I try to mimic the code posted, by using

with thirty_min_intervals as (
    select
      (select min(timestamp)::date from events) + ( n    || ' minutes')::interval start_time,
      (select min(timestamp)::date from events) + ((n+30) || ' minutes')::interval end_time
    from generate_series(0, (24*60), 30) n
)
select count(CASE WHEN lead THEN 1 END) from events e
right join thirty_min_intervals f
on e.timestamp >= f.start_time and e.timestamp < f.end_time
group by f.start_time, f.end_time
order by f.start_time;

However, I'm getting error

[0A000] ERROR: Specified types or functions (one per INFO message) not supported on Redshift tables.

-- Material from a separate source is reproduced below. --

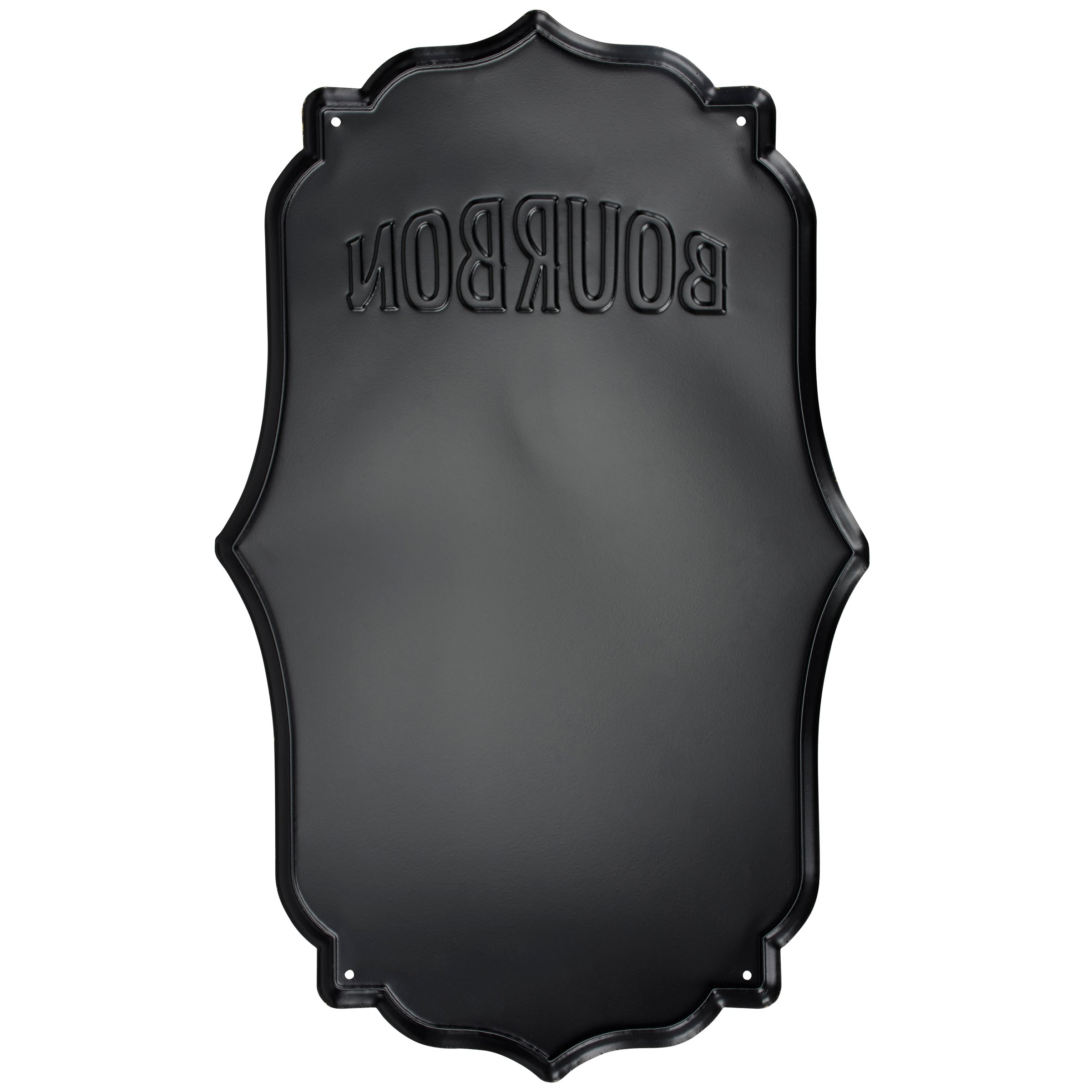 A metal wall décor piece from our Art Deco Collection displaying an art deco inspired design resembling a drink menu listing various types of bourbon with descriptions for each. Bourbon sign features embossed details and metallic gold accents. Our Bourbon metal wall décor is easy to hang against wall using the included mounting hardware and pre-drilled holes at the top and bottom. A vintage alcohol themed home accent perfect for a home bar.

May I know, what is the good way to perform aggregation data calculation, of N interval, in redshift.

Amazon-redshift does not support `generate_series()` function. [Refer this for unsupported postgresql features](http://docs.aws.amazon.com/redshift/latest/dg/c_unsupported-postgresql-functions.html) — Viki888, Feb 06 '17 at 08:23
But if you run the bare command `select * from generate_series(0, (24*60), 30) n;` in redshift, it runs ok. — Cheok Yan Cheng, Feb 06 '17 at 08:54
Yes. The `generate_series` will be working in parent node. If you try to access the redshift table in query which has generate_series, it will through you this error, since the child node will not support generate_series() function. If your query does not access redshift tables, then generate_series() function will give you result. — Viki888, Feb 06 '17 at 09:09
One option is to create a table that has a list of times in 30-minute intervals, then join against it. I think that `generate_series()` can be used to create the table. — John Rotenstein, Feb 06 '17 at 09:43
@JohnRotenstein You can not create a table using `generate_series()`. Redshift does not support it. You have to create such table with multiple select queries. — Viki888, Feb 07 '17 at 08:01

hibernado · Answer 1 · 2018-11-27T17:39:59.877

Joe's answer is a great neat solution. I feel one should always consider how the data is distributed and sorted when you are working in Redshift. It can have a dramatic impact on performance.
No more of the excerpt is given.